Reduced threshold for myocardial cell calcium intolerance in the rat heart with aging. Hano, Osamu, Konstantin Yu. Bogdanov, Makoto Sakai, Robert G. Danziger, Harold A. Spurgeon, and Edward G. Lakatta. Laboratory of Cardiovascular Science, Gerontology Research Center, National Institute on Aging, National Institutes of Health, Baltimore, Maryland, 21224, U.S.A. Present Address: The Third Department of Internal Medicine, Nagasaki University School of Medicine, Nagasaki, Japan; Institute of Experimental Cardiology, National Cardiology Research Center, Russian Academy of Medical Sciences, Moscow, USSR; Tokyo Metropolitan Geriatric Hospital, Tokyo, Japan; Columbia University, New York, N.Y.
APStracts 2:0224H, 1995.
To determine whether advancing age is accompanied by a reduced Ca2+ tolerance, we measured: Ca2+-dependent diastolic pressure, prolonged relaxation and systolic functional deterioration, spontaneous sarcoplasmic reticulum (SR) generated Ca2+ oscillations, detected as scattered laser light intensity fluctuations (SLIF), aftercontractions and ventricular fibrillation in isolated, isovolumic, atrio-ventricular (AV)-blocked intact hearts from 24-26 mo (old) and 6-8 mo male Wistar rats (young). In enzymatically isolated, single, cardiac myocytes, the likelihood of the occurrence of spontaneous contractile waves driven by spontaneous SR Ca2+ release was also determined. In response to stepwise increases in perfusate [Ca2+], Cao, a reduction in the maximum developed pressure accompanied by an elevation in end-diastolic pressure and a prolonged contraction duration was observed at lower Cao in old vs young hearts (p< 0.01 for each parameter).
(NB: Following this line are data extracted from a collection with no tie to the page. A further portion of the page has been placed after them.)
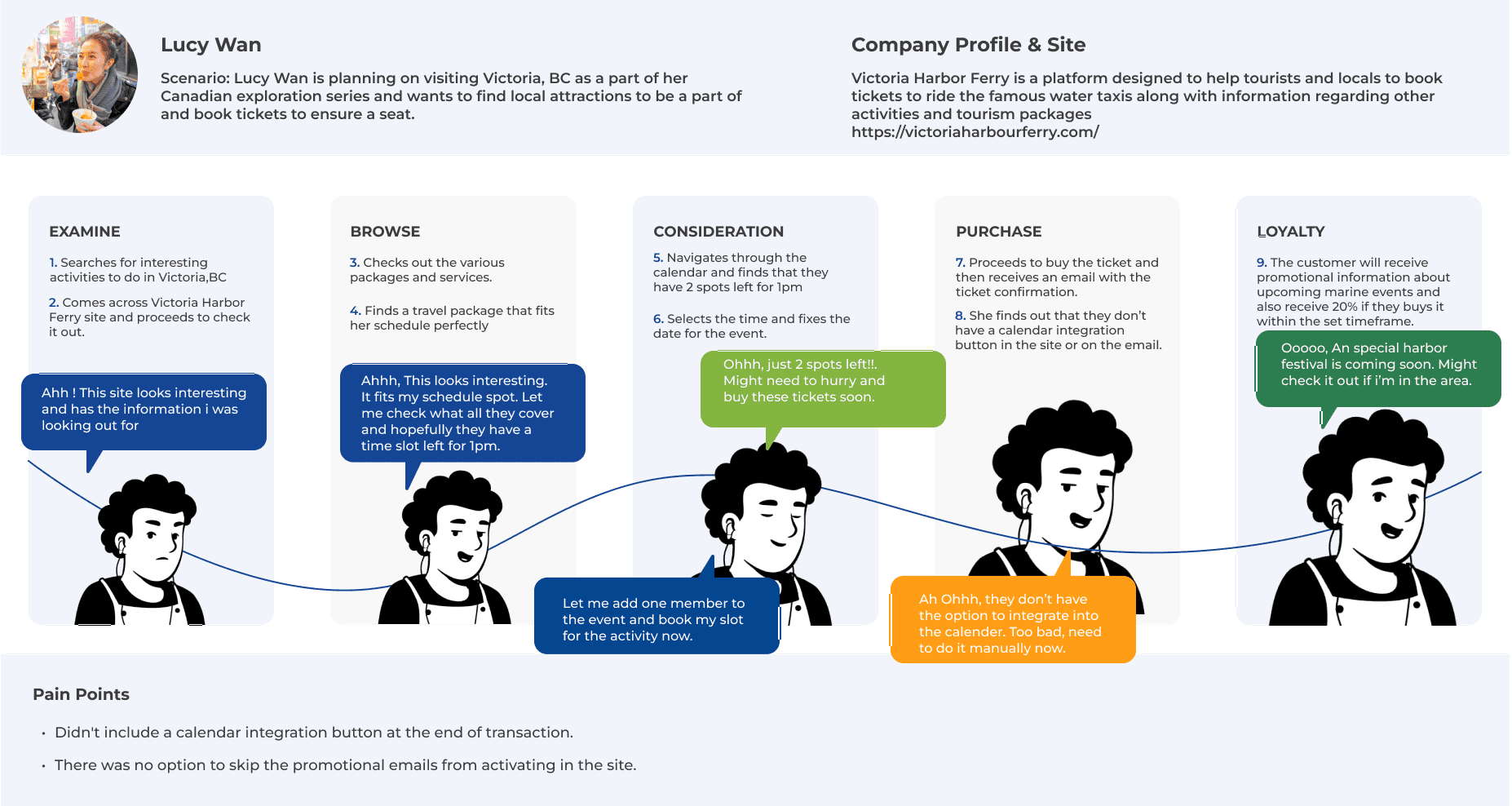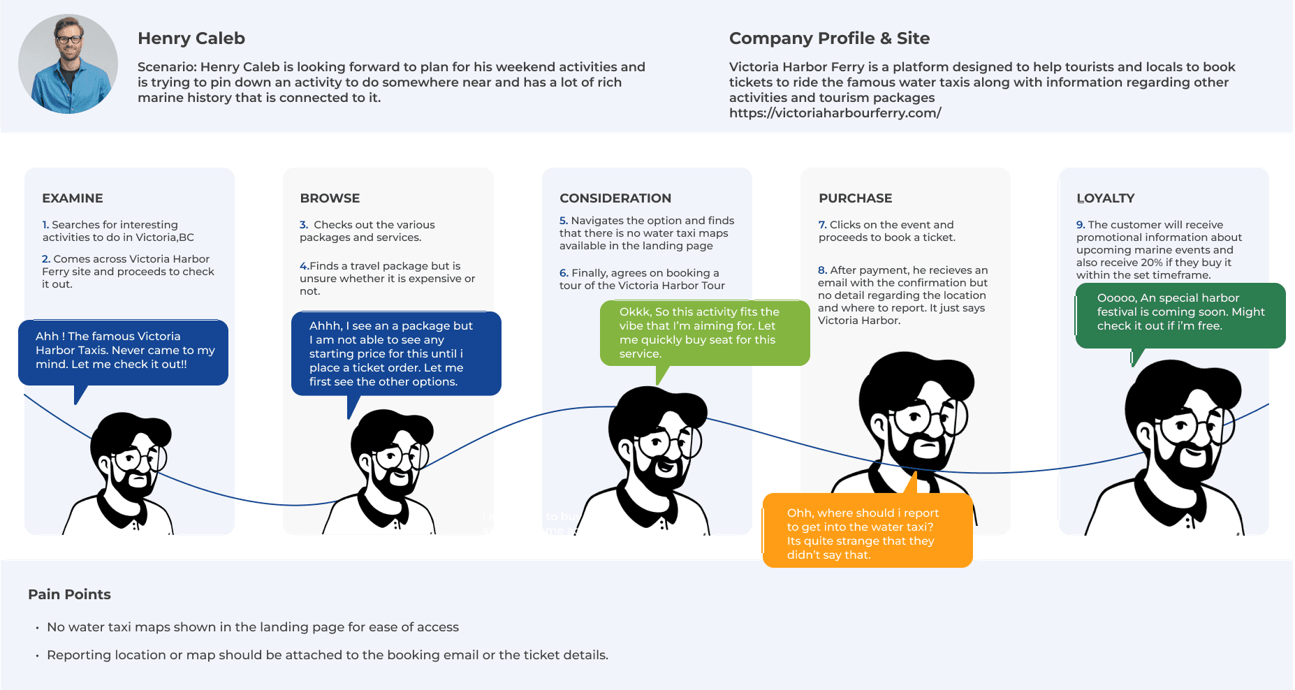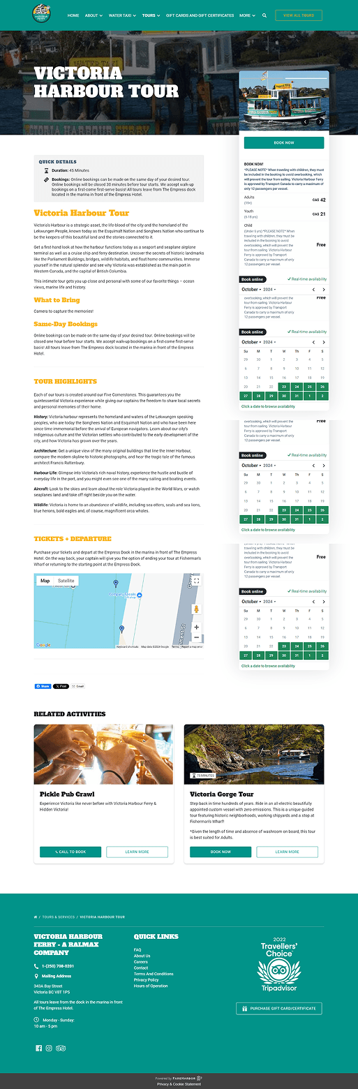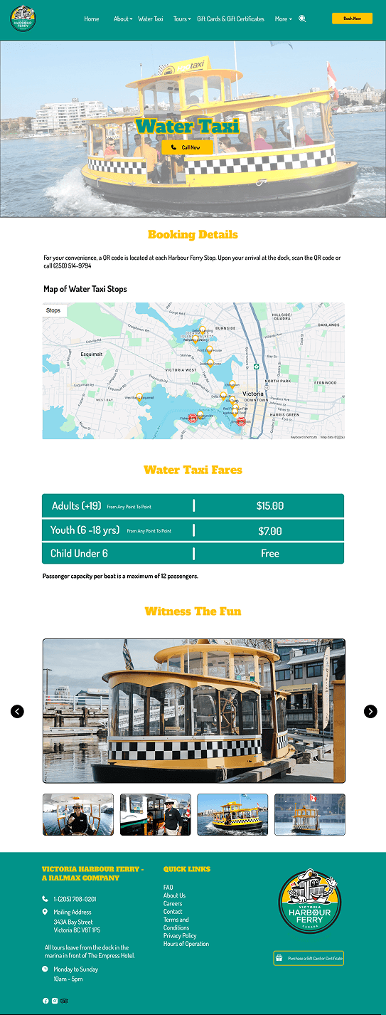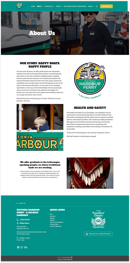 The Victoria Harbour Ferry, known to be one of the best attraction of Victoria,BC has a quite social presence in the internet but lacks the punch and clarity to make sure the customer goes through the rich culture and services that they provide. After researching the website, the main pain points were revealed to be :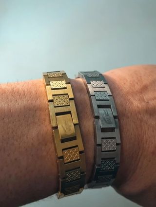 Pulsera con un diseño moderno de eslabones rectangulares. - Eslabones metálicos. - Acabado brillante.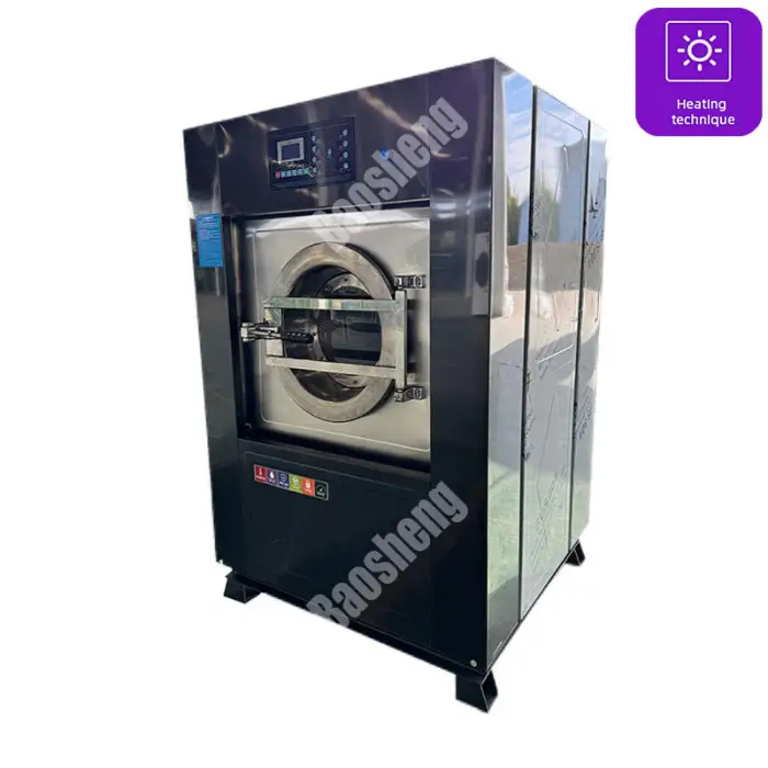 The Commercial Laundry Washer and Dryer Machine uses steam heat for effective cleaning.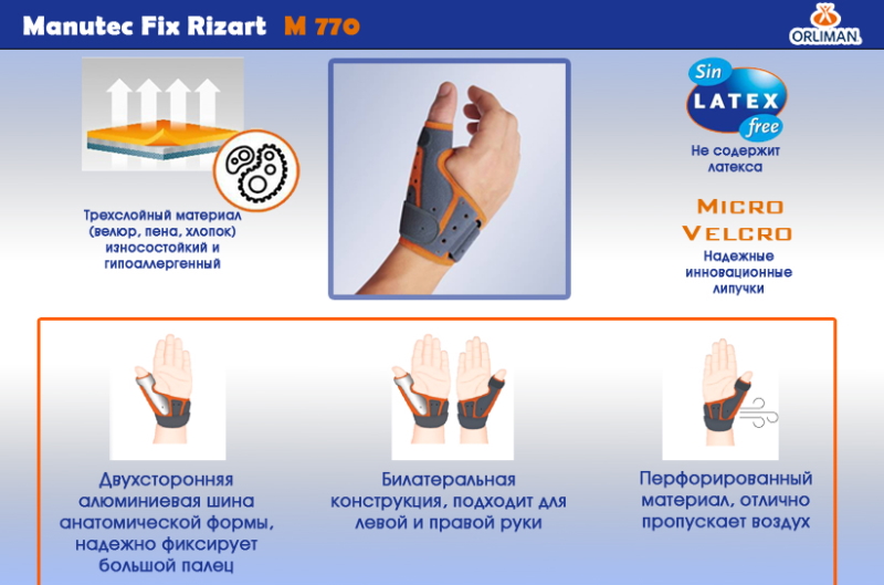 Ортез выполнен из воздухопроницаемого и влагопоглощающего инновационного трехслойного материала последнего поколения – велюр, пена, хлопок. Для обеспечения идеального микроклимата под ортезом, поверхность перфорирована. Изделие имеет современный дизайн. Система иммобилизации состоит из алюминиевой двусторонней шины, которой можно придать анатомическую форму кисти пациента. Двусторонняя конструкция может быть адаптирована как для левой, так и для правой руки. Система ремней и фиксаторов с застежками Micro-Velcro надежно закрепляют, и удерживает ортез на теле.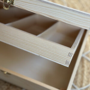 Deze XL kist heeft een losse bak die je kan optillen waardoor er onderin nog plek is voor bijvoorbeeld een borstel of haarspray.

Furthermore, Ca2+-dependent ventricular fibrillation occurred during pacing in 6 old but in no young hearts (p< 0.01), aftercontractions were observed in 7 old versus 1 young heart (p< 0.01), and SLIF increased to a greater extent in old versus young hearts. In single cardiac myocytes spontaneous contractile waves occurred more frequently with increasing age (p< 0.01). These results indicate that aging is associated with an increased likelihood for the occurrence of SR generated Ca2+ oscillations and functional abnormalities that result from these oscillations. 

Received 9 January 1995; accepted in final form 8 May 1995.
APS Manuscript Number H15-5.
Article publication pending Am. J. Physiol. (Heart Circ. Physiology).
ISSN 1080-4757 Copyright 1995 The American Physiological Society.
Published in APStracts on 30 May 1995.